Merging multiple config files#
Previously, multiple config files could be read simultaneously and merged with “higher priority” files being read later, and overriding the contents of “lower priority” files.
This is no longer supported. Only one configuration file is now read.
Where users previously created a local personal configuration file that supplemented a global system configuration file, they should now make a copy of the global system configuration file, edit it with their own personal extensions, and ensure that it is read in preference to the global file - or choose one of the other methods for passing in configuration.
The special “user” section is also no longer supported as it doesn’t make sense without merging of multiple config files.
Legacy Environment Variables#
Legacy environment variables are deprecated, but still read to assist with migration. In all cases there is a new preferred environment variable, as listed in the table below.
Legacy Environment Variable |
New Environment Variable(s) |
Notes |
---|---|---|
DATACUBE_CONFIG_PATH |
Behaviour is different for lists of paths, due to only reading a single file. |
|
DATACUBE_DB_URL |
ODC_<env_name>_DB_URL |
These legacy environment variables apply to ALL environments - which is probably not what you want in a multi-db scenario. |
DB_DATABASE |
ODC_<env_name>_DB_DATABASE |
|
DB_HOSTNAME |
ODC_<env_name>_DB_HOSTNAME |
|
DB_PORT |
ODC_<env_name>_DB_PORT |
|
DB_USERNAME |
ODC_<env_name>_DB_USERNAME |
|
DB_PASSWORD |
ODC_<env_name>_DB_PASSWORD |
|
DATACUBE_ENVIRONMENT |
datacube-1.8 used this legacy environment variable fairly inconsistently.
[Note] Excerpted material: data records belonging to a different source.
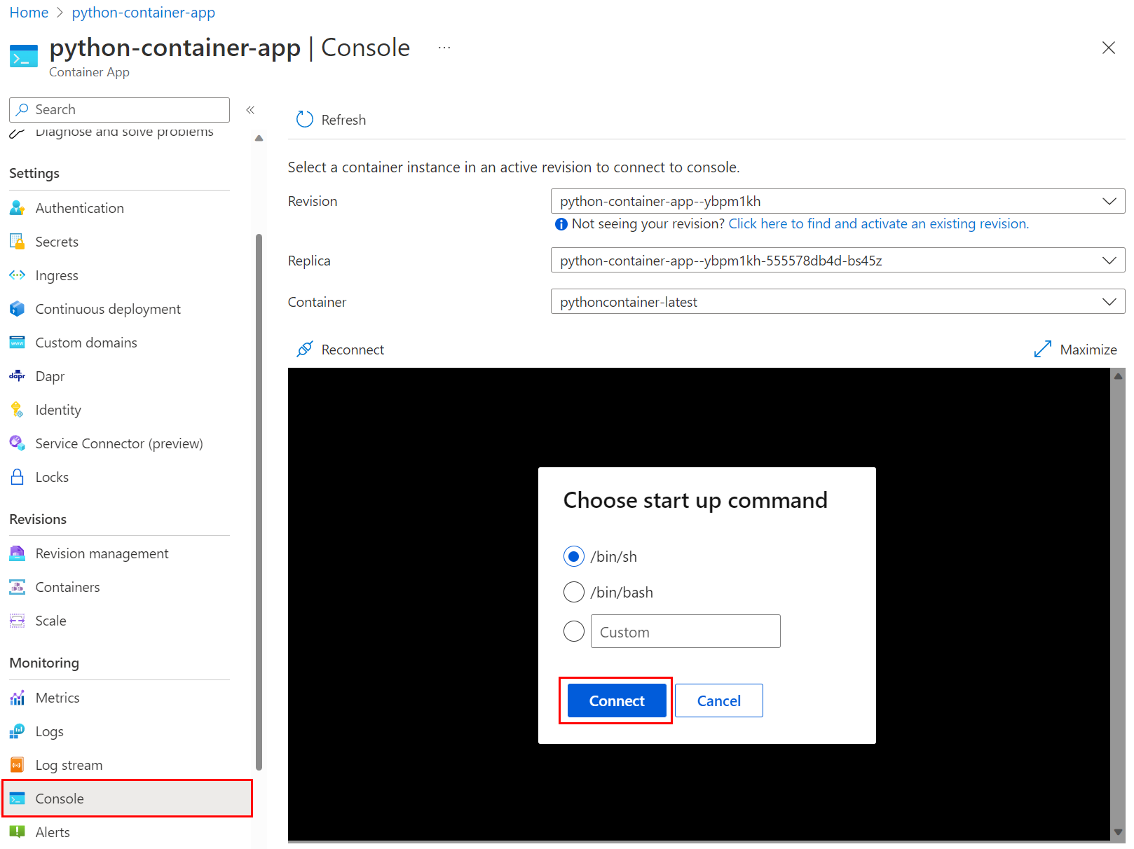 az containerapp exec \ --name $CONTAINER_APP_NAME \ --resource-group $RESOURCE_GROUP_NAMEThen, at the shell command prompt, enter
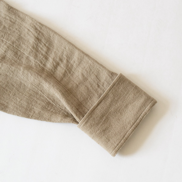 カジュアルに寄りすぎないよう、シャツライクなディテールを取り入れています。一つめは、背中の切り替えのヨーク仕様と、ヨーク下のタック。このおかげで柔らかい生地のドレープが美しく現れ、どの角度から見てもふわりと立体感があり、生地の揺れるシルエットになっています。二つめは、袖元。袖は基本折り返して着られるように長めに作っていますが、手元を素敵に見せるさりげないポイントとして太幅の袖口カフスを採用しました。両脇にはシームポケットも付いて便利です。
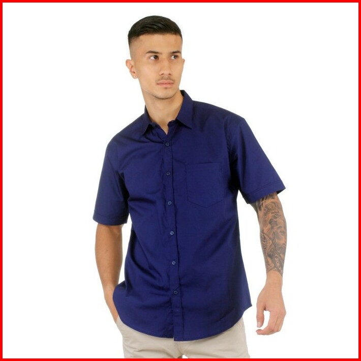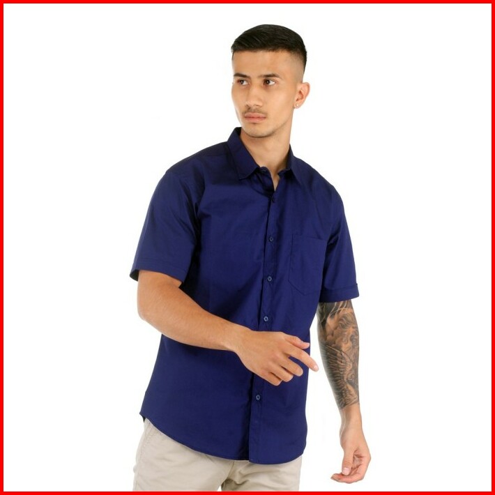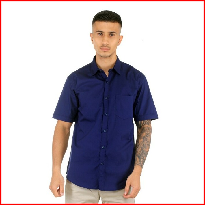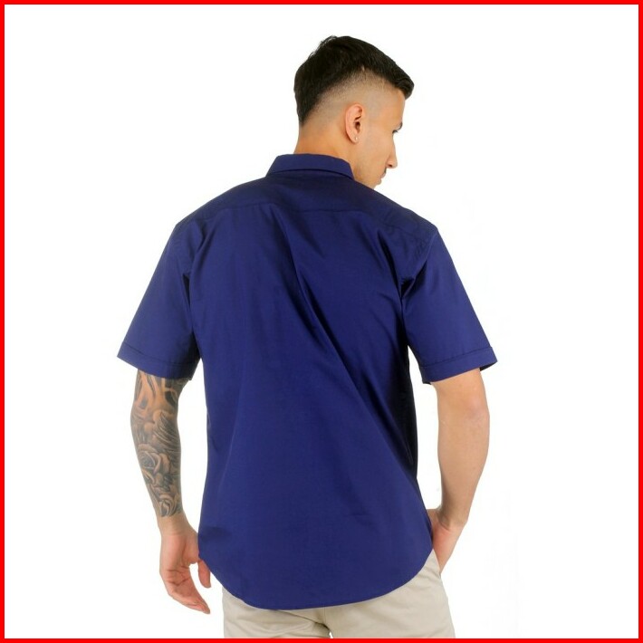 Benhill Kemeja Pria Basic Polos Pendek Katun Poplin Biru 27363-64
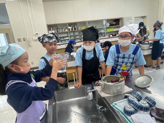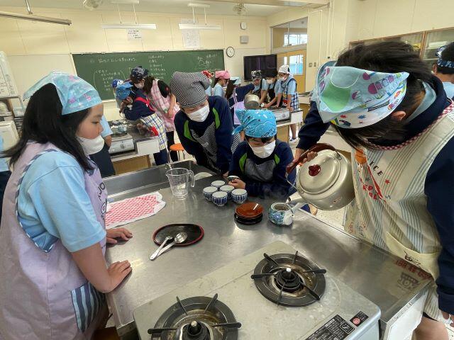 どのグループも友達と協力し合う素敵な姿が見られました。「ちょっと苦かったけど、おいしかったよ!」と笑顔で話す5年生…初めての実習は大成功でしたね。
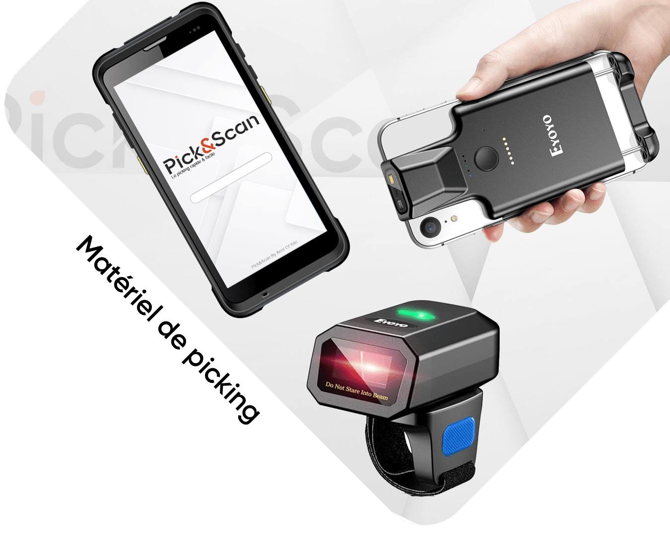 Notre logiciel de préparation de commandes et l’application Pick&Scan fonctionnent avec la plupart des matériels disponibles sur le web ou en magasin spécialisé.
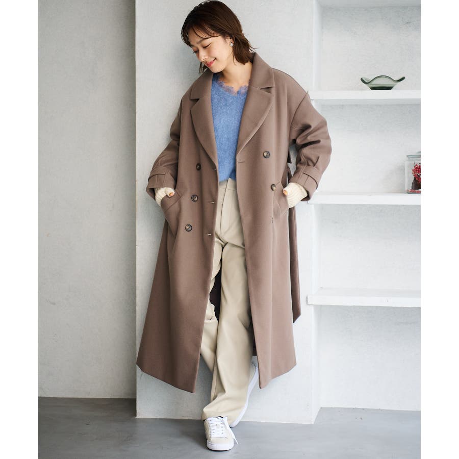 可愛くて気に入りました!さん (20代 / 女性 / 身長160~165cm )購入アイテム:カラー ブルー系(45)サイズ Fいつものトップスサイズ:Lサイズ感:ぴったり - ウールライクモッサトレンチコート
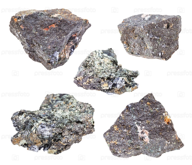 Набор молибденитовых рудных пород, изолированных на белом
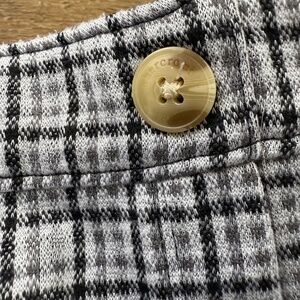 White/Black/Gray Plaid Pattern with non-functional button accent
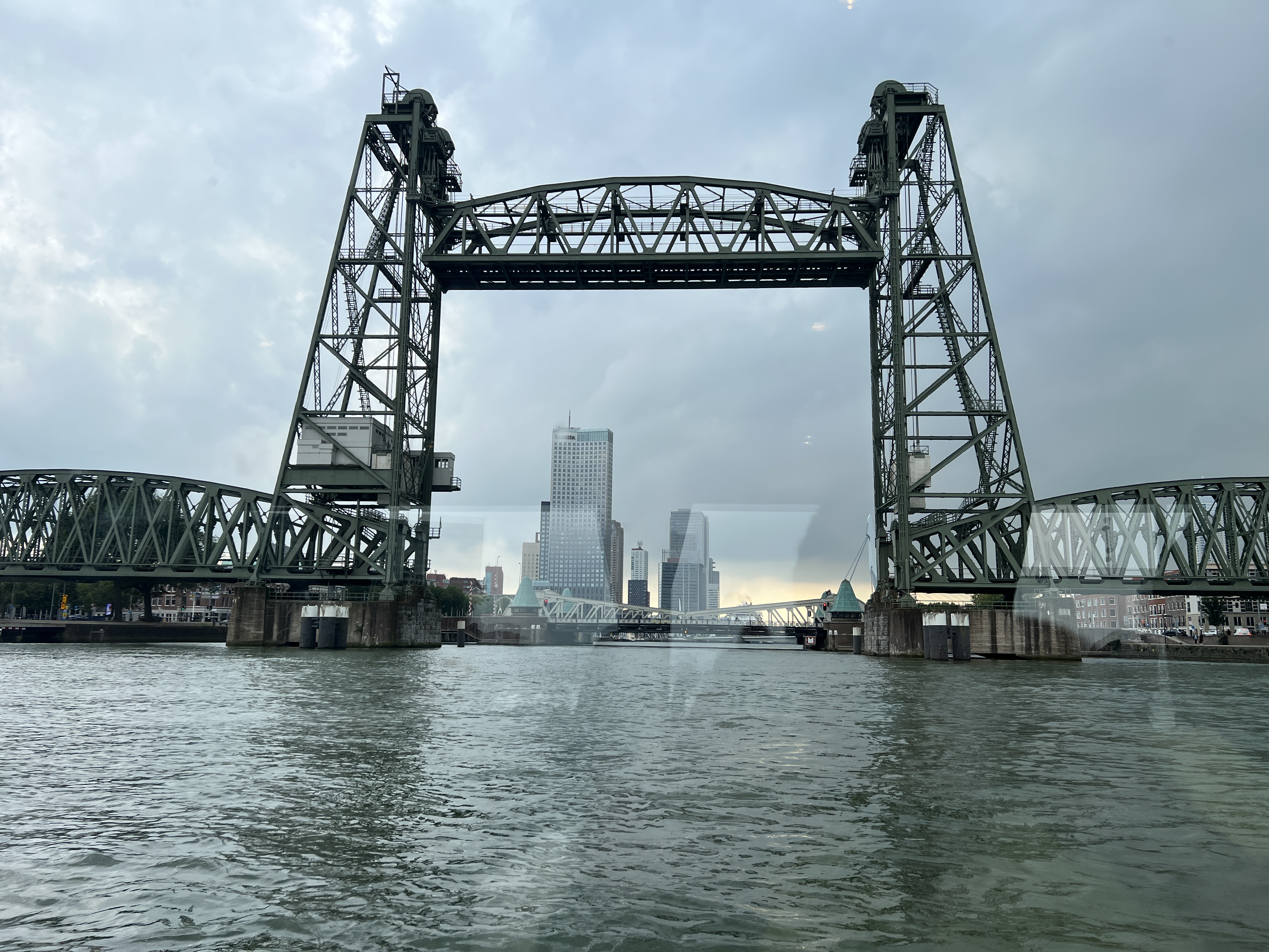 At Rotterdam. On the cruise boat. Having some apple pie and beer. It’s a one hour cruise, and we are enjoying the beautiful sights of the city. Towards the end he if the crew. It has started raining really hard. Luckily we are in a covered boat, so all good!
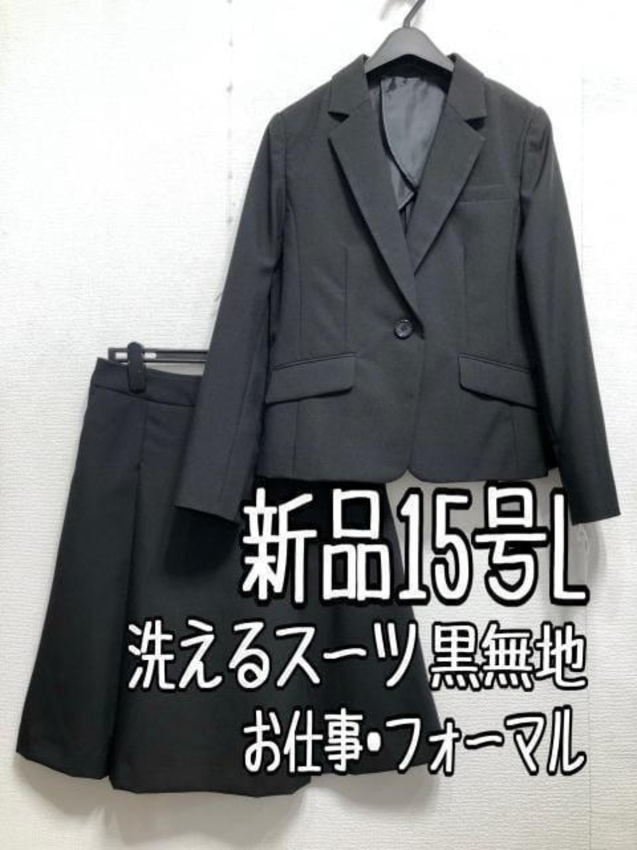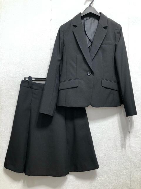 新品☆15号L黒系無地タックフレアスカートスーツお仕事ビジネス通勤☆r626
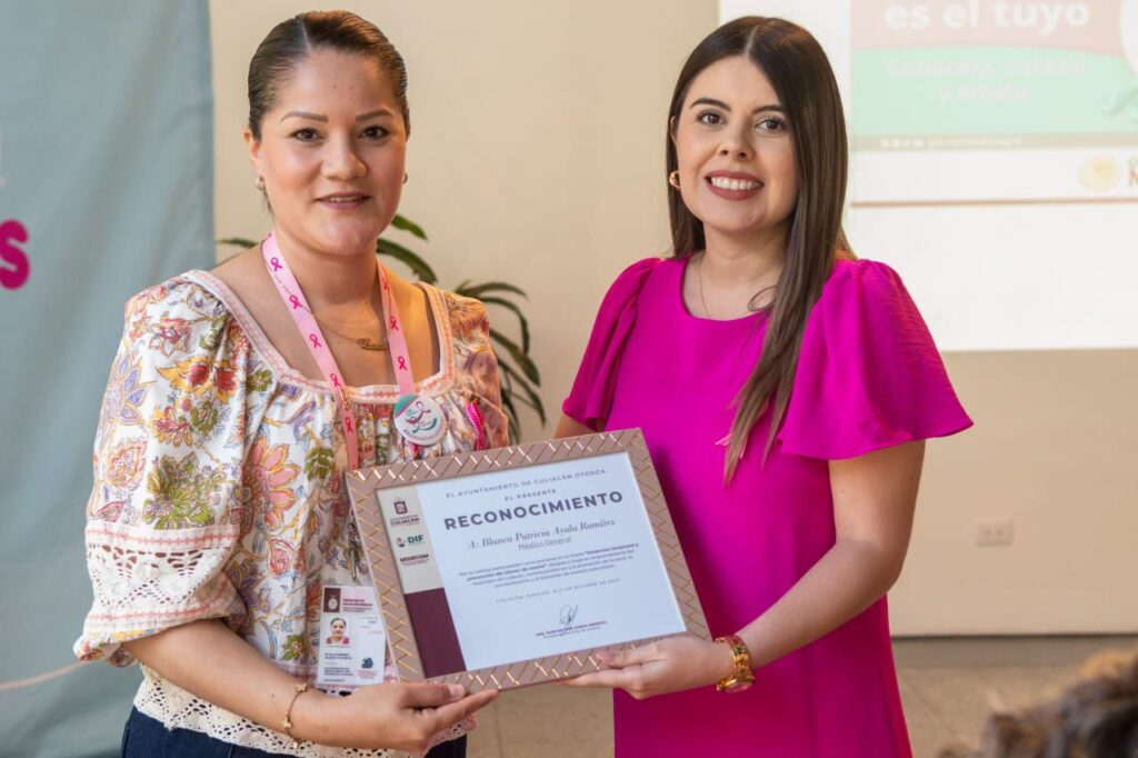 Al concluir la jornada, la presidenta del Sistema DIF Bienestar Culiacán, Irma Nidya Gasca Aldama, entregó un reconocimiento a la doctora Blanca Patricia Ayala, titular del Programa de Cáncer de la Mujer de la Secretaría de Salud del Estado.
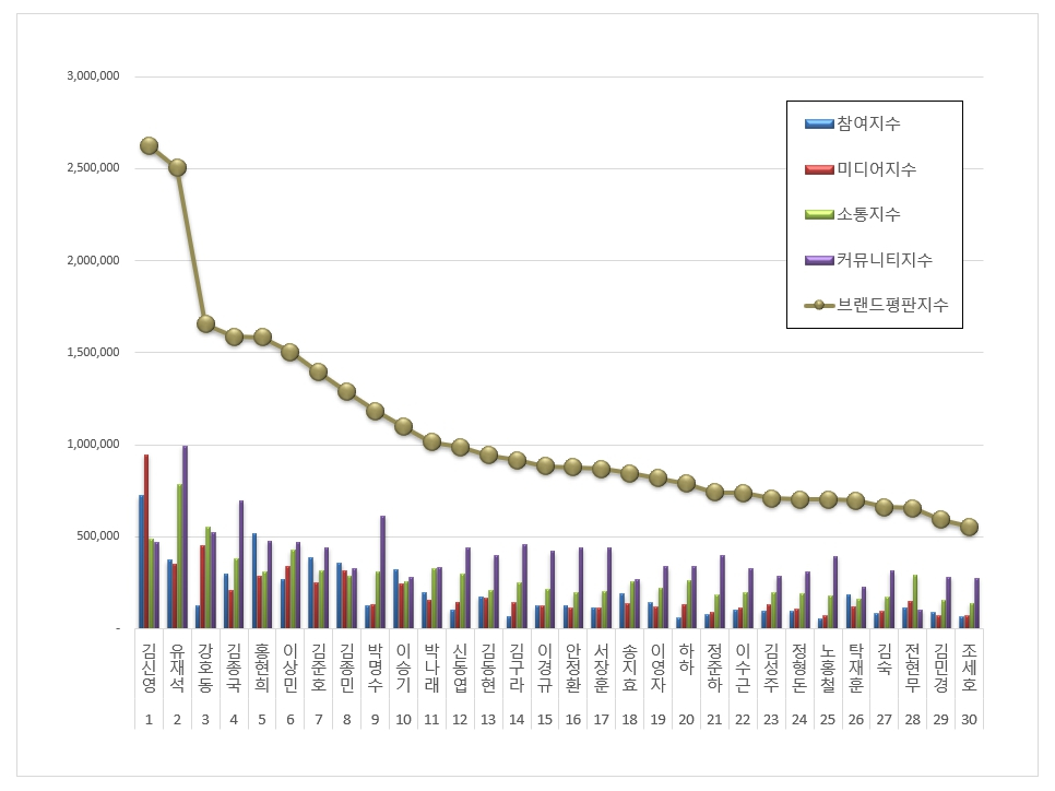 2위 유재석 브랜드는 참여지수 374,384 미디어지수 352,376 소통지수 783,825 커뮤니티지수 992,174가 되면서 브랜드평판지수 2,502,760으로 분석됐다. 지난 8월 브랜드평판지수 3,064,512와 비교하면 18.33% 하락했다.
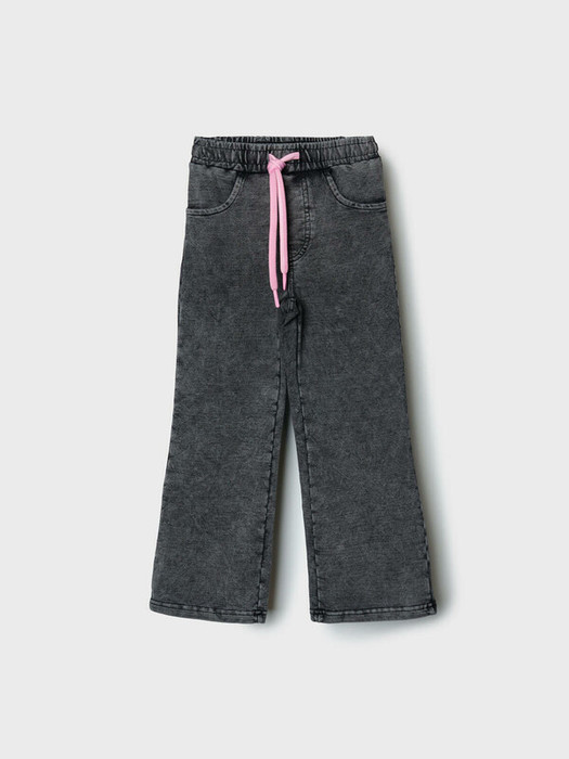 Детские брюки для девочки. Модель клеш, выполнена из мягкого хлопкового трикотажа с эффектом денима. У брюк высокий комфортный пояс на резинке и шнурок для регулировки. Спереди — два удобных кармана.
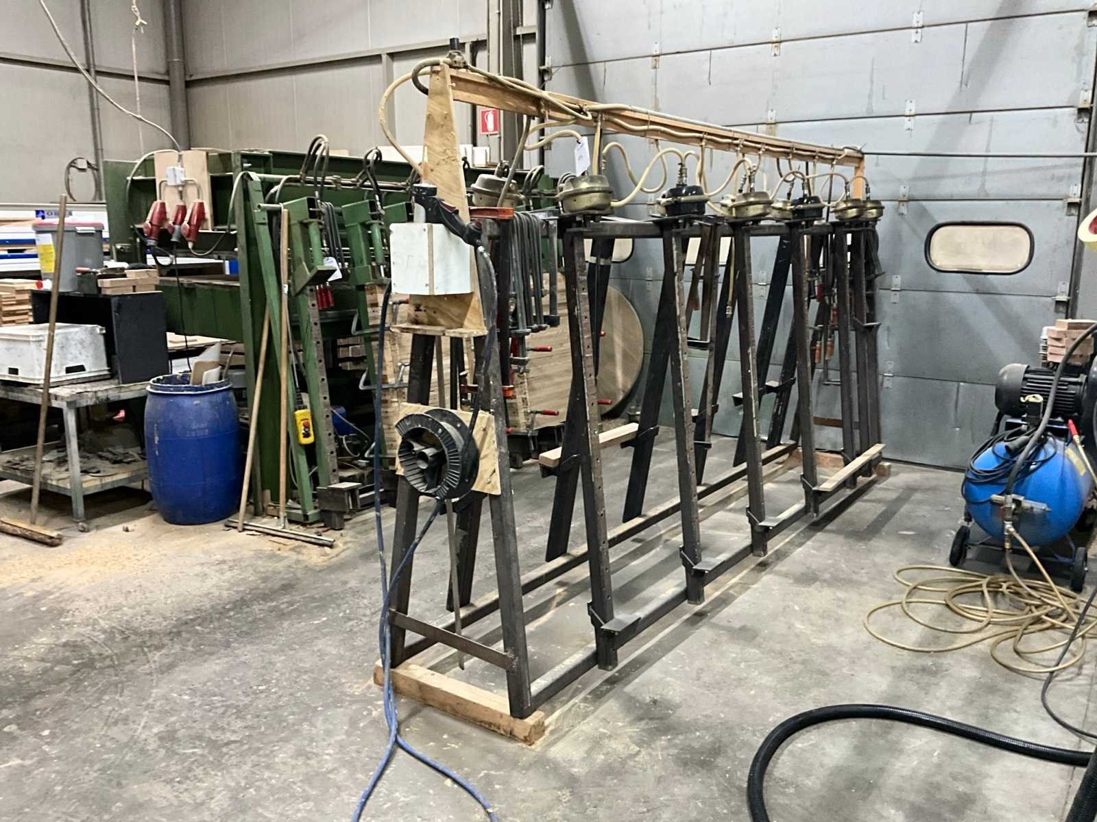 Werkhoogte 15 mogelijkheden, 11x pneumatisch klem, diverse lijmklemmen, Pneumatisch lijmpistool, 5x ongebruikte luchtaansluiting Nee Werkbreedte: 3500mm Werkhoogte: 1500mm

There are several corner cases where it is now read where it was not previously. |
API changes#
Details of the new API are described in Configuration API.
The old datacube.config.LocalConfig
class has been replaced by datacube.cfg.ODCConfig
and datacube.cfg.ODCEnvironment
classes.
For most users the only method you need is ODCConfig.get_environment()
The auto_config() function#
There used to be an undocumented auto_config()
function (also available through python -m datacube
) that read
in the configuration (from multiple files and environment variables) and wrote it out as a single consolidated
configuration file.
As the new configuration engine is more clearly documented and more predictable in its behaviour, this functionality is no longer required.